Yani haddini aşan...

Bilgi ve delil yetersizliğine rağmen kişisel zanlarda eminlik...

İşte bu fasıklığın bir diğer alametidir...

 

Az ilim ve sığ deliller ile sahte hükümler verenler cahil...

Bu hükümlerde kendini haklı zannedenlere ve hükmünü savunanlar kara cahil...

Hükmü savunurken kendinden gerçek manada emin olanlar ise fasık kimselerdir...

 

Eleştiriyi hak eden bilmeyenler değil...

Öğrenmeye karşı tok olan...

Bilmediği konularda konuşan...

Ve yanlışı savunan kişilerdir...

 

Kara cahillik ve fasıklıktan uzaklaşmanın bir diğer faktörü...

Algıda adalet ve haddini bilmektir...

 

İnsan ilminin az olduğu konuda yorum yapmaktan ve hüküm vermekten kaçınmalı...

O konu ile ilgili ölçü ve ilimlerini arttırmaya çalışmalıdır...

 

İlmi yetersiz olanın hükümde ortağı şeytan olur...

Şeytan boşlukları doldurmayı...

Cahilce genellemeler yaptırtmayı...

Hakkında kesin bir bilgi sahibi olunmayan konularda konuşulmasını Sever...

 

Ve insanlara da bu amelleri süslü gösterir...

Kişilere hatada kendini haklı hissettirir...

Hemde hiç bir tutarlı delil olmamasına rağmen...

 

Az ilim sebebiyle birbirine benzetilen...

Kara cahiller ve fasıkların...

Hakkında yorum yapmayı sevdiği konular ise genelde tabi ki de üst düzey beyazların ahvalleri olur...

 

Çünkü şeytan en çok beyaza haksızlık yapılacağı...

Veya yaratıcıya iftira atılacağı zaman büyük bütçeli kötü amel süsleme yatırımları yapar...

 

Günahın büyüklüğü şeytanında süsleme çalışmalarındaki bütçesinde çok cömert olmasına sebebiyet verir...

 

İşte o birbirine benzetilen...

Oysa zerre kadar alakası olmayan bir diğer şey...

 

Popülerlik ve bilinirliğin farkıdır...

 

Şeytanın oyuncağı olmuş olanların hakkında konuşmayı sevdiği...

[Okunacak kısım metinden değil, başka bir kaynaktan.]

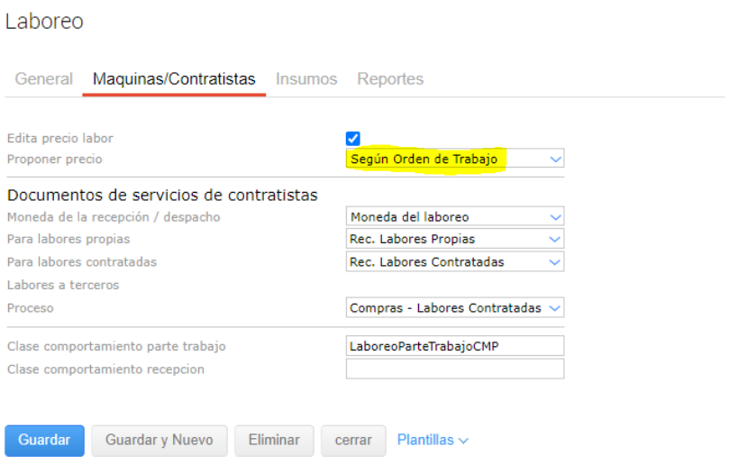 El sistema no arrastra los precios al realizar un Laboreo a partir de una Orden de Trabajo previamente cargada.

İftiraları ile benzerlik ispatlamaya çalıştığı...

Aslında hiç bir benzerliği olmayan bu iki sıfat...

 

Popüler mi ?

Bilinir mi ?

 

Çok şükür ki...

Tıpkı diğer tüm yaratılmışlarda olduğu gibi...

Popülerlik ve şan birbirinden farklı ve farkları ölçülebilirdir...

 

Popülerlik bedelinin ötesinde tanınmak demektir...

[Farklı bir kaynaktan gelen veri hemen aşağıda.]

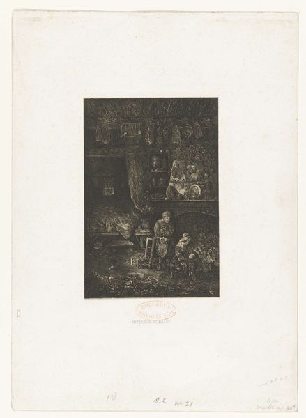 Editor: This is Rodolphe Bresdin's "Intérieur flamand," and it's held at the Harvard Art Museums. The density of detail is incredible! It feels like every inch is etched with something. What stands out to you about this work? Curator: I'm drawn to how the etching process itself informs our understanding. Consider the labor involved in creating such intricate details with the tools available. What does this level of detail suggest about Bresdin's relationship to the tradition of printmaking and its wider availability to a growing consumer class? Editor: So, it’s not just about what's depicted, but how it was made and who could access it? Curator: Precisely. The materiality of the print and its potential circulation are crucial to its meaning. The interior becomes a site of production, consumption, and social exchange. Editor: I hadn't thought about that. It makes me see the image, and the artist's choices, in a completely new light. Curator: It’s vital to see the art as a result of labor and a commodity.
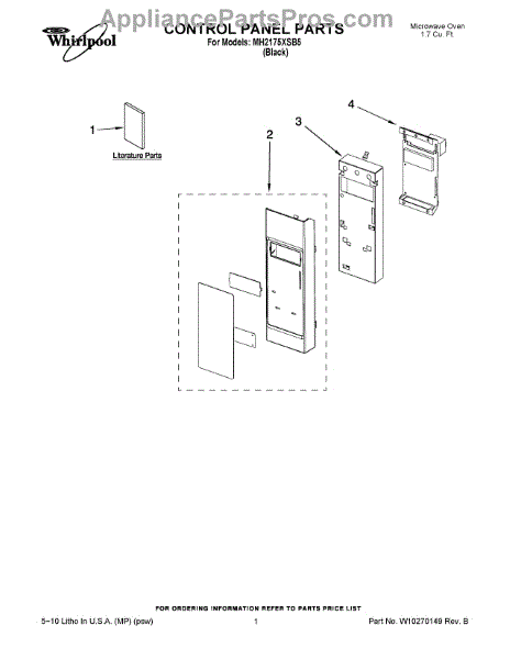 Parts for Whirlpool MH2175XSB5: 01 - Control Panel Parts

Şan ise bedel ile gelen ündür...

 

Biri kişiyi alçaltmak için kurulan bir tuzak iken...

Diğeri birikmiş bedellerin ödemesi olan bir sonuçtur...

 

Popülerlik siyahtan...

Şan beyazdan gelir...

 

Peki nedir popülerliğin alametleri...

 

1-Kişinin bedelinden fazla tanınması...

2-Kişinin fayda vermediği kişiler tarafından yani onu tanımayanlar tarafından abartılı övülmesi...Yani yalancıların ve sahtekârların kalbinde yerinin olması...

3-Yaratılanın beğenisine karşı aşırı açlık. İnsanların beğenisini almak için her seferinde daha büyük azgınlıklar yapması...

4-Beğenilmediğinde öfkelenmesi , hakiki eleştiriye kapalı olması...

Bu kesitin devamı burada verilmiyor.